Detailed description
This proposal investigates a novel ankle robot (anklebot) adaptive control approach integrated with treadmill training to reduce foot drop and improve mobility function in chronic hemiparetic stroke survivors. Currently, stroke survivors with foot drop are trained to live with a cane or other assistive device, and often ankle foot orthotics (AFOs) for safety. Neither mediates task-practice or neuromotor recovery. The investigators have developed an adaptive anklebot controller that detects gait cycle sub-events for precise timing of graded robotics assistance to enable deficit severity-adjusted ankle motor learning in the context of walking. The investigators' pilot findings show that 6 weeks treadmill training with anklebot (TMR) timed to assist swing phase dorsiflexion only is more effective than treadmill alone (TM) to improve free-walking swing dorsiflexion at foot strike, floor-walking speed, and the benefits are retained at 6 weeks post-training. Notably, swing-phase TMR training improved paretic leg push-off, and reduced center-of-pressure sway on standing balance, indicating potential benefits to other elements of gait and balance, beyond those robotically targeted toward foot drop. This randomized study investigates the hypothesis that 6 weeks TMR is more effective to improve durably gait biomechanics, static, and dynamic balance, and mobility function in chronic stroke survivors with dorsiflexion deficits, compared to TM alone. Aims are to determine the compare effectiveness of 6 weeks TMR vs.
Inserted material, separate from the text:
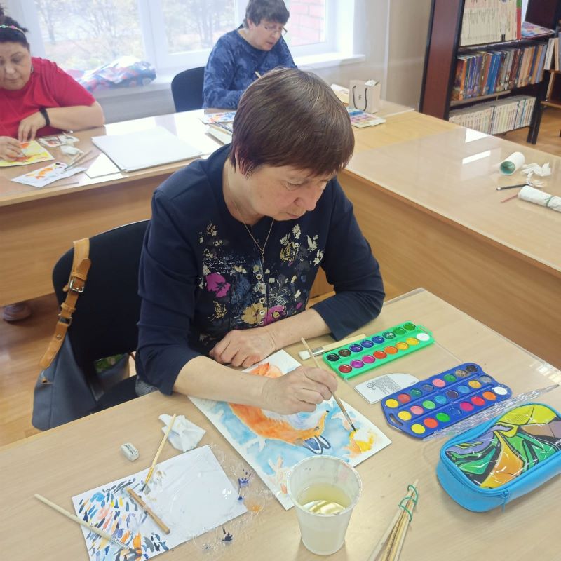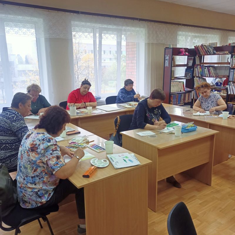 На этот раз порисовать пришли семеро человек. Очередное занятие привлекло не только старожилов, давно освоивших ведущие практики рисования и научившихся уже создавать довольно приличные рисунки, но и новичков, прослышавших о том, что если даже никогда не держал в руках кисти, научат и увлечешься так, что утонешь в этом чудесном творчестве, в этом необыкновенном досуге.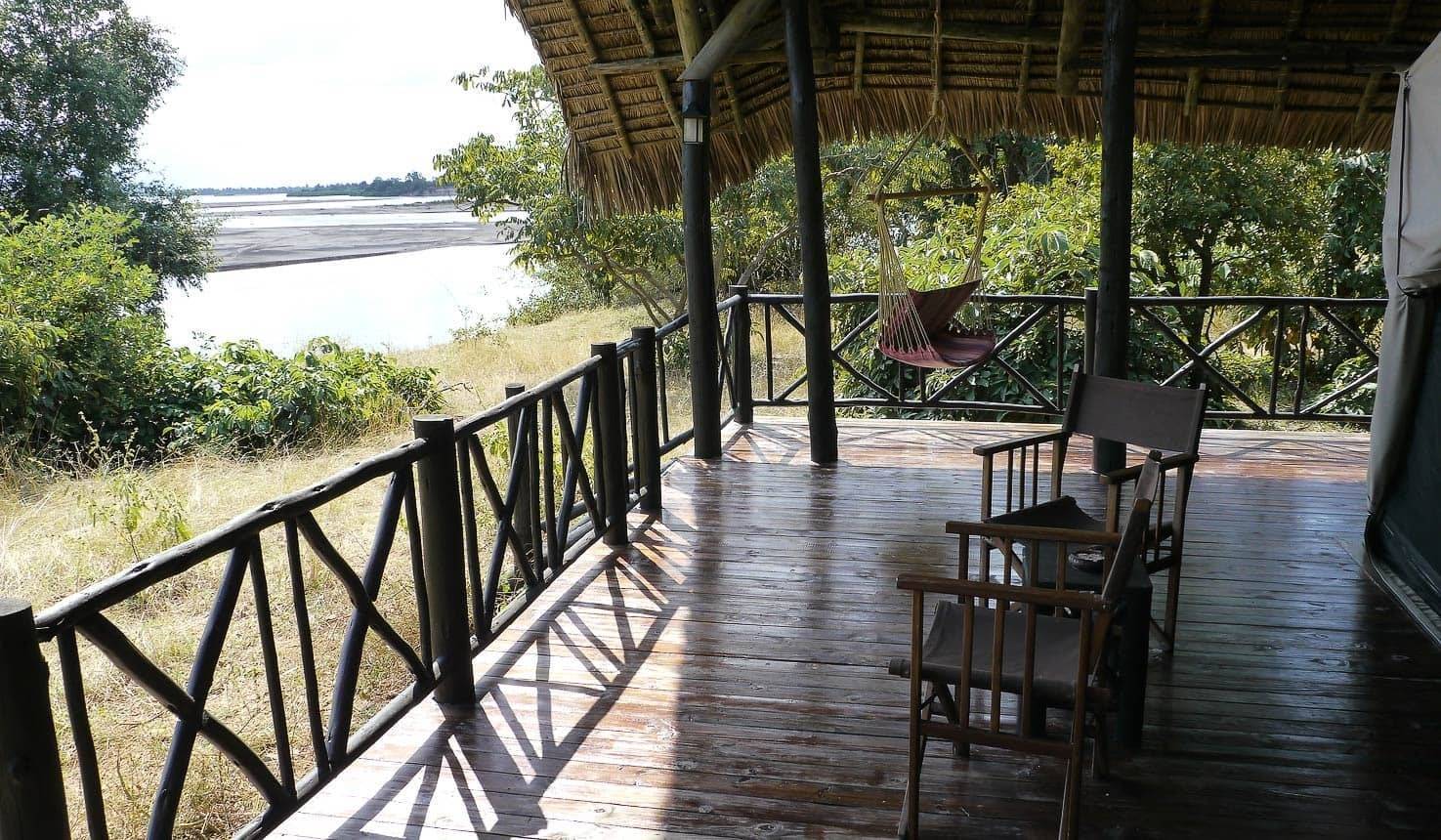 Le camp dispose d’une vingtaine de tentes confortables avec terrasse offrant une vue sur la rivière.

TM alone on: 1. Independent gait function indexed by gait velocity, swing-phase DF (dorsiflexion), terminal stance push-off. 2. Balance function indexed by measures of postural sway (CoP), asymmetric loading in quiet standing, peak paretic A-P forces in non-paretic gait initiation, and standardized scales for balance and fall risk. 3. Long-term mobility outcomes, assessed by repeated measures of all key gait and balance outcomes at 6 weeks and 3 months after formal training cessation.
Conditions
Interventions
| Type | Name | Description |
|---|---|---|
| DEVICE | Treadmill plus anklebot | This intervention employs the use of the adaptive anklebot control system to complement treadmill exercise training over a 6-week intervention period. |
| BEHAVIORAL | Treadmill only | This intervention employs the use of a treadmill for gait exercise training over a 6-week intervention period |
Timeline
- Start date
- 2015-09-01
- Primary completion
- 2019-04-01
- Completion
- 2019-06-30
- First posted
- 2015-06-29
- Last updated
- 2020-05-20
- Results posted
- 2020-05-20
Locations
1 site across 1 country: United States
Regulatory
- FDA-regulated device study
Source: ClinicalTrials.gov record NCT02483676. Inclusion in this directory is not an endorsement.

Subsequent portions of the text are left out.